Given representations \(f_s\) and \(f_o\), a single forward pass of the agent at time step \(t\) and for a goal \(g_t\) involves reading the representations and providing the input to the policy. The current RGB-D observation \(o_t\) is also encoded by the convolutional network \(c\) (different from the projection module \(p\) used to generate samples for training the Semantic Finder). Previous action \(a_{t-1}\) and current goal \(g_t\) are passed through embedding layers, named \(L(.)\) in the following equations. These different outputs are fed to the policy,
\(\mathbf{x}_t = f_s(g_t;\theta_{s,t})\),
\(\mathbf{e}_t = r(\theta_{o,t};\theta_r)\),
\(\mathbf{c}_t = c(o_t; \theta_{c})\),
\(\mathbf{h}_t = GRU(\mathbf{h}_{t-1}, \mathbf{x}_t, u_t, \mathbf{e}_t, L(a_{t-1}), L(g_t), \mathbf{c}_t; \theta_{G})\),
\(a_t = \pi(\mathbf{h}_t;\theta_{\pi})\),
where we added indices \(\cdot_t\) to relevant variables to indicate time. Please note that the trainable parameters \(\theta_{s,t}\) and \(\theta_{o,t}\) of the two implicit representations are time dependent, as they depend on the observed scene and are updated dynamically, whereas the parameters of the policy \(\pi\) and the global reader \(r\) are not. Here, GRU corresponds to the update equations of a GRU network, where we omitted gates for ease of notation. The notation \(a_t=\pi(.)\) predicting action \(a_t\) is also a simplification, as we train the agent with PPO.
To keep compute requirements limited and decrease sample complexity, in some experiments (see paper for more details) we do not train the full agent from scratch, in particular since the early stages of training are spent on learning basic interactions. We decompose training into three phases: 0−30M steps (no implicit representations, i.e. all entries to the agent related to \(f_s\) and \(f_o\) are set to 0); 30M−50M steps (training includes the Semantic Finder \(f_s\)) and finally 50M−70M steps (full model). This 3-steps approach is denoted as curriculum.

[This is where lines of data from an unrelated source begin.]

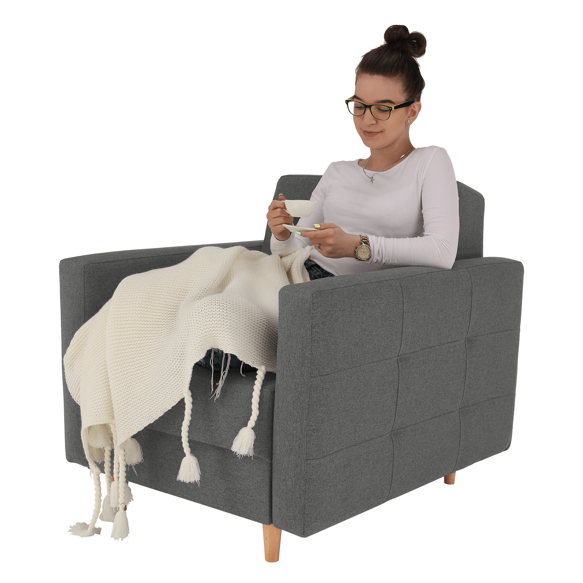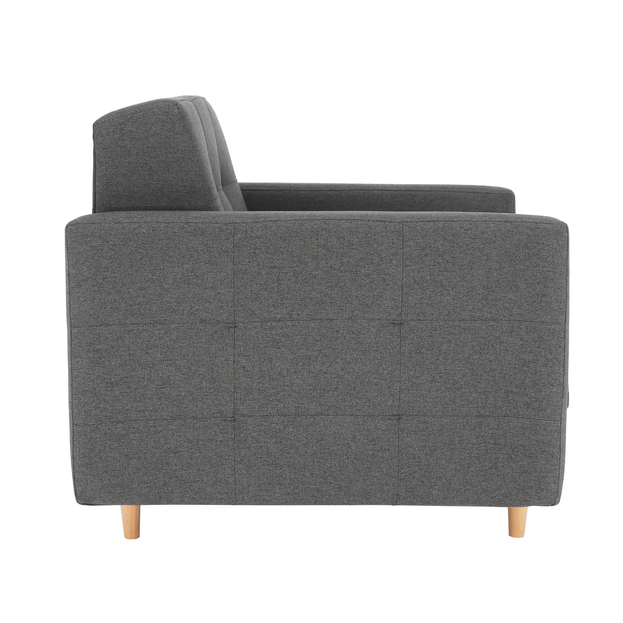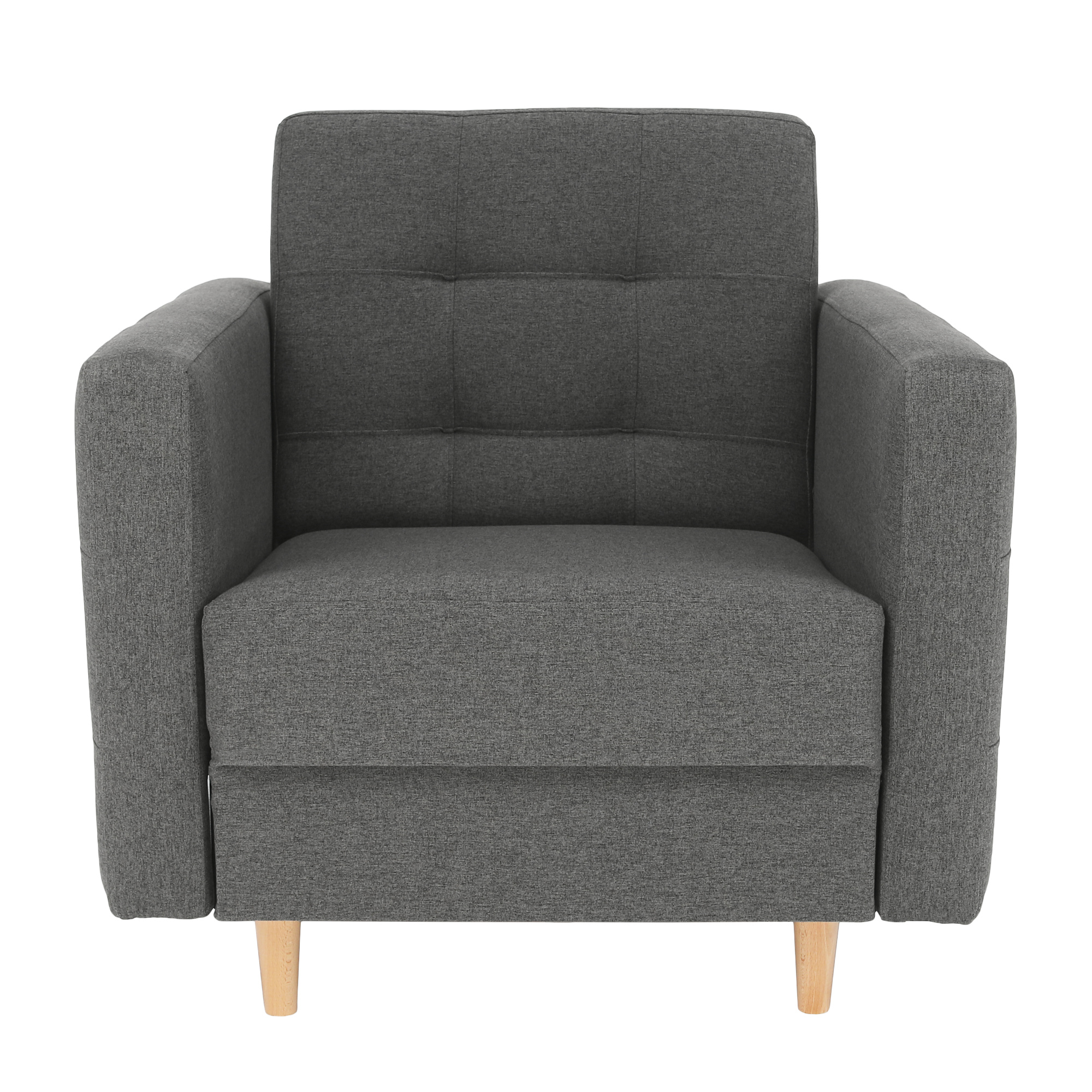Celočalouněné křeslo AMEDIA Barva: tmavě šedá / natural Oděruodolnost textilie podle testu Martindale: 50 000 oděrek Materiál: látka Norn / dřevo Rozměry: (ŠxHxV): 88x95x90 cm Hloubka sedu: 62 cm Výška sedu: 45 cm Výška spodního prostoru od podlahy: 13 cm Nosnost na osobu: 90 kg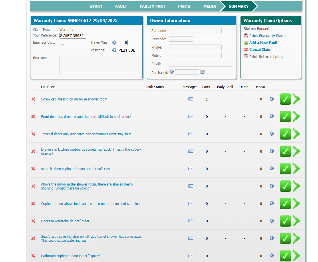 | Summary | CLONE - Front door has dropped and therefore difficult to shut or lock | Internal doors only just catch and sometimes wont stay shut |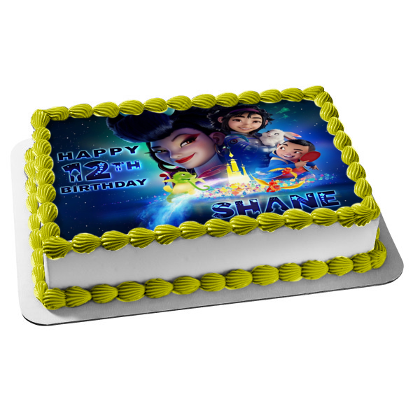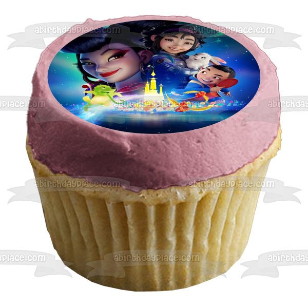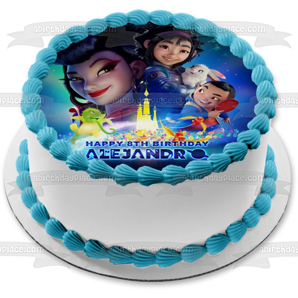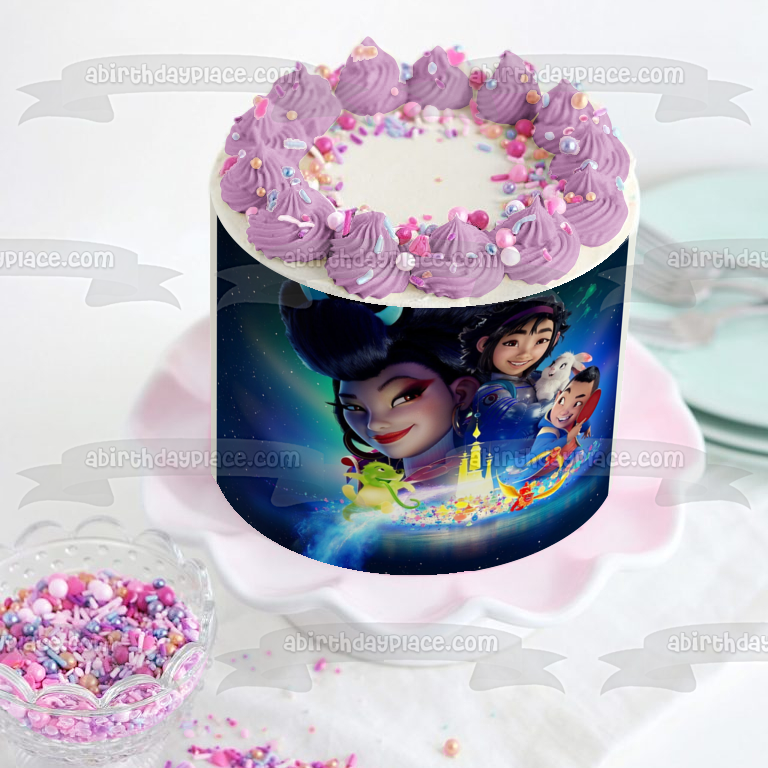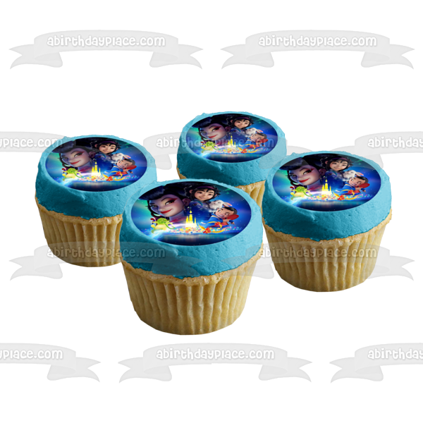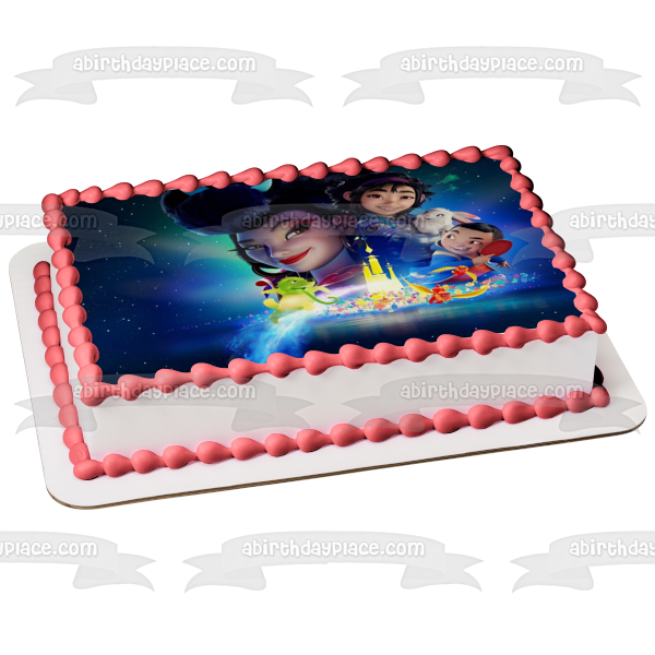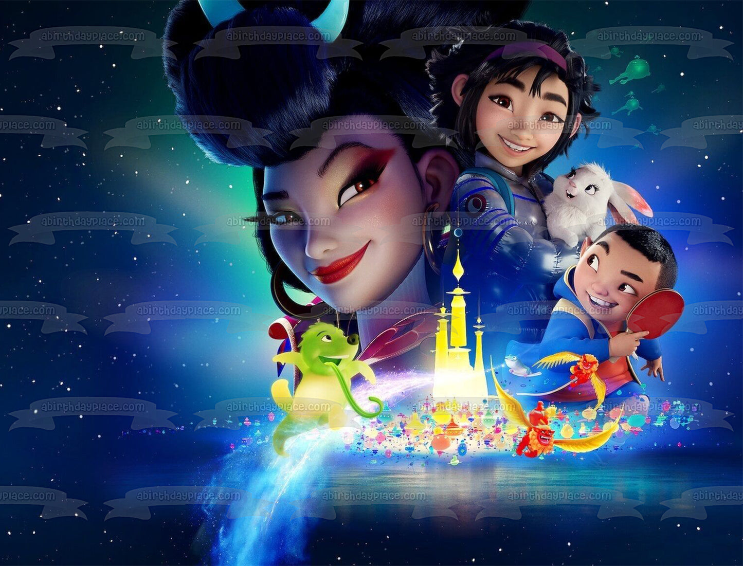 Decorate your Cake with this Over the Moon Mas Alla de la Luna themed Edible Cake Topper Image featuring Fei Fei, Chang'e, Jade Rabbit, Gobi and Chin Croak!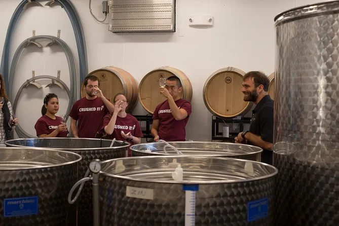 Tu tarde incluye una mirada profunda al proceso de elaboración en Seven Birches, conversación directa con los enólogos, tiempo en la sala de producción viendo el equipo (y probando con las manos), además de una cata completa con muestras terminadas y en proceso, y al final te llevarás tu copa de recuerdo.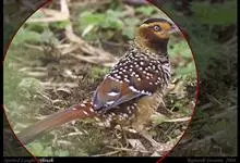 大噪鹛:中型鸟类,体长32-36厘米。额至头顶黑褐色,背栗褐色满杂以白色斑点,斑点前缘或四周还围有黑色。初级覆羽、大覆羽和初级飞羽具白色端斑。尾特长,均具黑色亚端斑和白色端斑。颏、喉棕褐色,…全部>>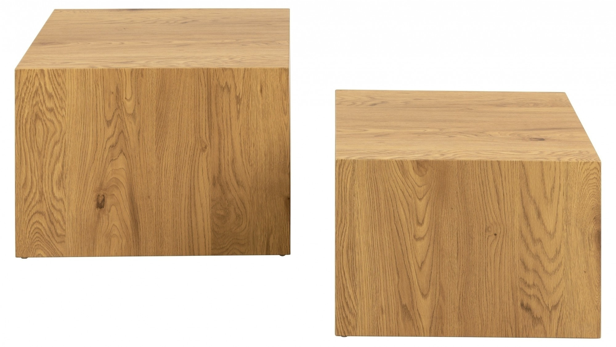 Sada dvou stolků ve tvaru krychlí (58x58x40;50x50x33). Jsou pokryty laminátem s dekorem dubu. Stolky budou skvěle vypadat v elegantním obývacím pokoji. Mohou také sloužit jako květinové záhony. Zespodu mají malé plastové nožičky, které chrání podlahu před poškozením. Počet kartonů: 1 Rozměry kartonů: 65x46x65cm Hmotnost kartonů: 23,5kg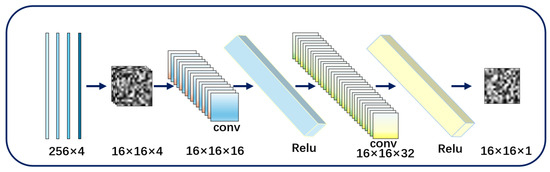Next, the feature information of the grayscale image groups was integrated through convolutional neural networks, converting them into single-channel 16 × 16 grayscale images. The neural network structure was designed as shown in Figure 1.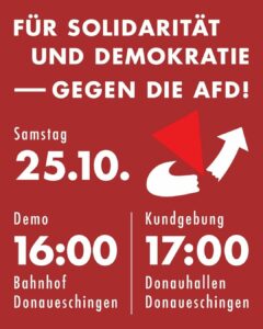 Am 25. Oktober will die AfD zum wiederholten Male in Donaueschingen ihren Wahlkampf einläuten. Das Motto der rechten Hetzer dieses Mal „Bürgerdialog“. Unter anderem mit der Parteivorsitzenden Weidel und dem Kandidaten für die kommenden Landtagswahlen Frohnmaier.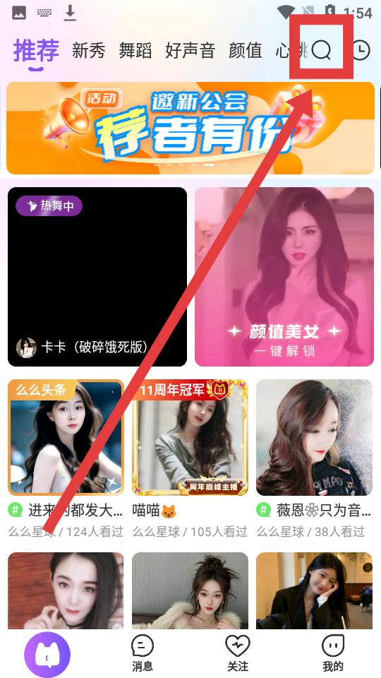 2、在首頁界面的右上角,找到并點擊放大鏡搜索圖標,即可進入信息搜索頁面。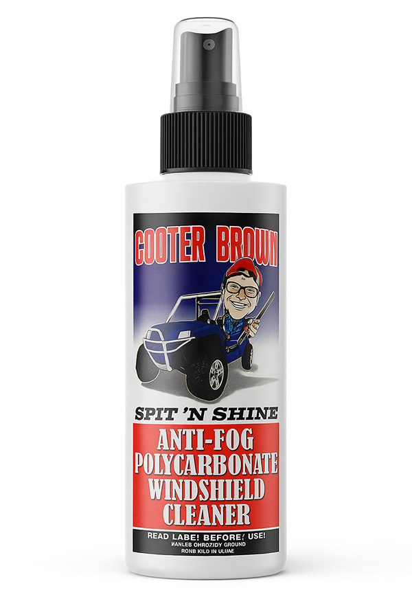 Cooter Brown Anti-Fog Polycarbonate Windshield Cleaner is a high tech blend of surfactant cleaners and protects your windshield in on easy step. Its advanced polymers repel rain, prevent bugs from sticking, eliminates finger prints, and leaves a finish unequal to other products. Its anti-fogging formula keeps polycarbonate windshields and clear increasing safety. It is safe for windshield surfaces including glass and polycarbonate (Lexan). Should be used in place of popular ammonia based cleaners that will cause damage to your polycarbonate windshield. Sold in four oz. bottles.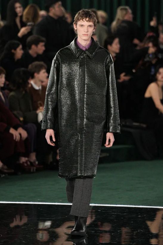 Да, над верхней одеждой они заморачивались в первую очередь: и это логично, учитывая сезон. Помимо классических пальто, были представлены и каркоуты. Нет, это мы не кашляем! Car coat — это такое прямое пальто «до колена, которое удобно накинуть в машину» (его исторически делали под автомобили). Gucci тут показал каркоуты в разных фактурах — включая блестящие/виниловые и твидовые варианты.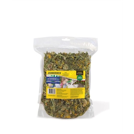 De Utopia Zomermix 140 gram is een gezonde mix van kruiden voor jouw konijnen of knager als verrijking en aanvulling op het dagelijkse voer. Deze gezonde delicatesse is licht verteerbaar en bestaat uit diverse soorten gedroogde kruiden en bloemen. Heel natuurlijk dus, want jouw konijn of knager zou deze in de natuur ook eten! De Zomermix is caloriearm maar zeer smakelijk en daarom een heerlijke afwisseling voor jouw knager of konijn, en ideal om door het voer of het hooi te mengen voor wat extra smaak.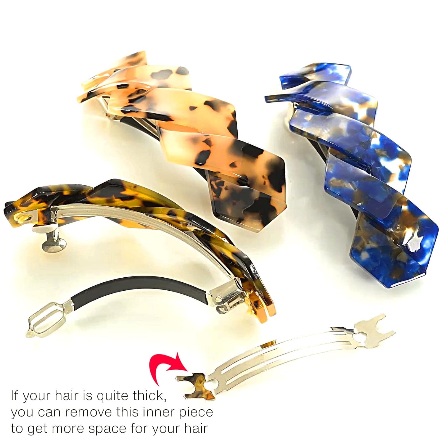 Hair Barrettes Large French Clips Wide Hair Clasp for Women Thick Fine Hair Accessories - Blue Tortoiseshell - 3Pcs (Navy Blue, Brown)

As can be seen below, our method outperforms the different competing representations when trained with the curriculum scheme. We make sure that all three methods are completely comparable (by pre-training all encoders in the same way, please see paper for more details).
Results below show that when training with both implicit representations available to the agent at the beginning (no curriculum) and even without any pre-training of encoders, our method outperforms the previous state-of-the-art method.